Believe them or not: Suns veterans hope to change the narrative

Sep 24, 2018, 6:14 PM | Updated: Sep 25, 2018, 9:45 pm
(AP Photos/Matt York)...
(AP Photos/Matt York)
(AP Photos/Matt York)

PHOENIX — Here come the obligatory media day soundbites from a Phoenix Suns team expected to once again finish at the bottom of the Western Conference. The question is whether you want to believe them.

Center Tyson Chandler remains on the roster, gearing up for his 18th NBA campaign as a near-36-year-old. A year ago, he was defacto assistant coach, the one who had the voice to stop a practice from the sidelines and preach accountability, effort or execution.

This year, he’ll have a little more help on the leadership front. The Suns signed veteran wing Trevor Ariza and traded with Houston to acquire forward Ryan Anderson, signs GM Ryan McDonough wanted not only to add shooting and defense, but that Phoenix is quite serious about putting veteran pieces in key positions.

“It makes the world of difference,” Chandler said of those additions. “At some point, when I’m the only voice, it becomes too much.

“They still can play and still play at high levels. It gives coach (Igor Kokoskov) another outlet. In games where we lost in the past down the stretch in close games is because of lack of experience.”

Optimism was easy to come by Monday before the Suns head to training camp in Flagstaff, Ariz. Those three veterans want to change the culture, and all think it’s possible for a team that’ll be led — at least in terms of fame — by 21-year-old guard Devin Booker and 20-year-old center Deandre Ayton.

Maybe the veterans’ belief in a franchise that’s failed to win 25 games the last three years is even genuine.

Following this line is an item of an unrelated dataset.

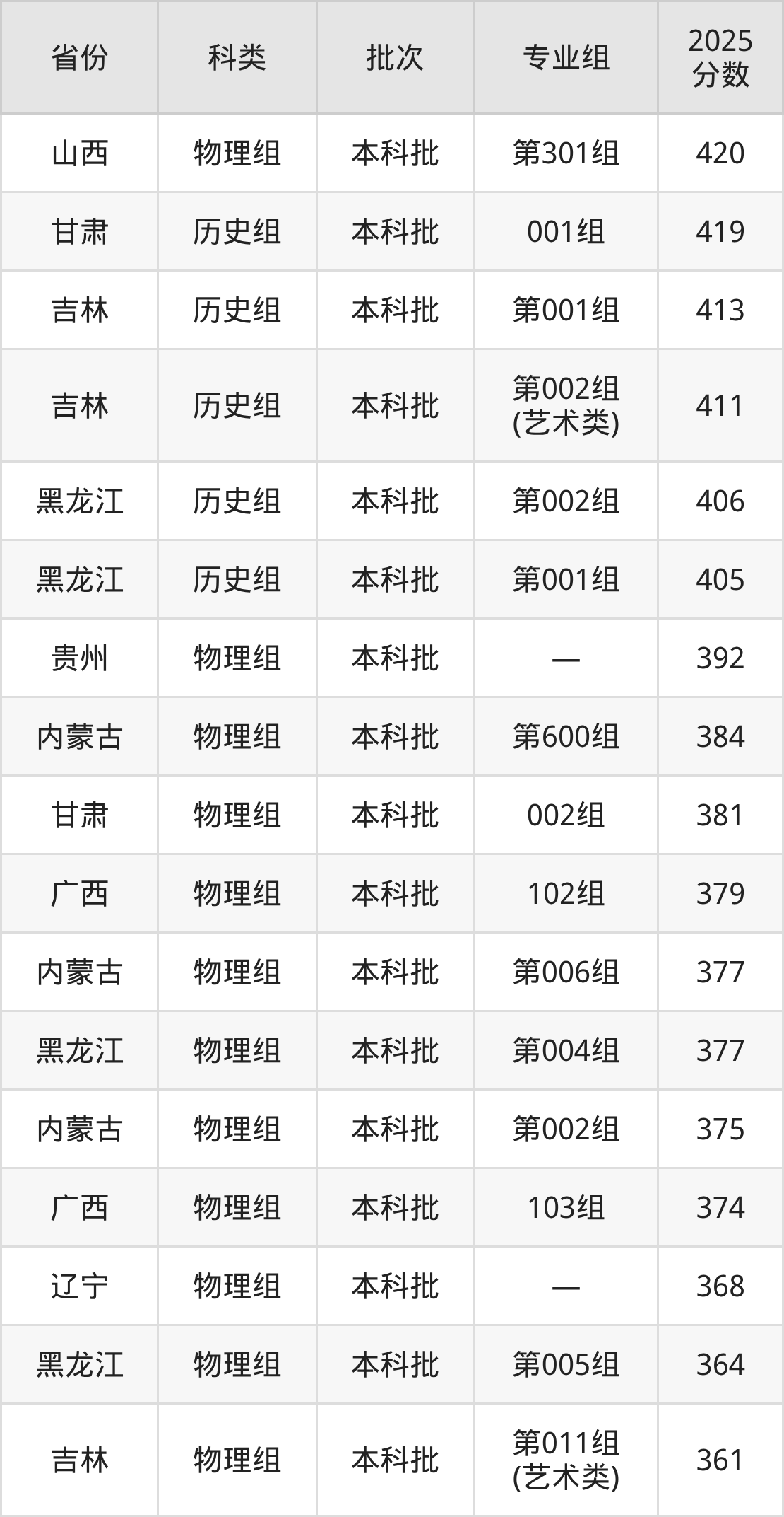 长春人文学院2026年录取分数需在高招结束官方数据公布后更新,2026届有意向报考该校的同学,可以在填报志愿时参考长春人文学院2025年录取分数线:

Do they really, actually, seriously believe they can turn Phoenix into a competitive team? Ariza and Anderson, who are close friends, former teammates and Los Angeles-area neighbors in the offseason, promise they talk about it.

“Lot of times I could just say ‘yes’ — and it’s, like, not true — just to give you the right answer. But it’s absolutely, 100-percent true,” Anderson said. “This summer we talked almost once a day.

“(He’s) a real, genuine person who cares and wants to build this organization and lead these young guys, and we’ve had tons of conversations about that and what we can bring. This is the beautiful thing for me: I’m happy to be here, we’re building a culture, we’re building a future with our group. I’m happy to be a part of that. I’m happy to help in the best way I can.”

A career 38-percent three-point shooter, Anderson is 29 years old and viewed by the Suns as a key piece to put alongside Ayton, who should have room to operate in the paint.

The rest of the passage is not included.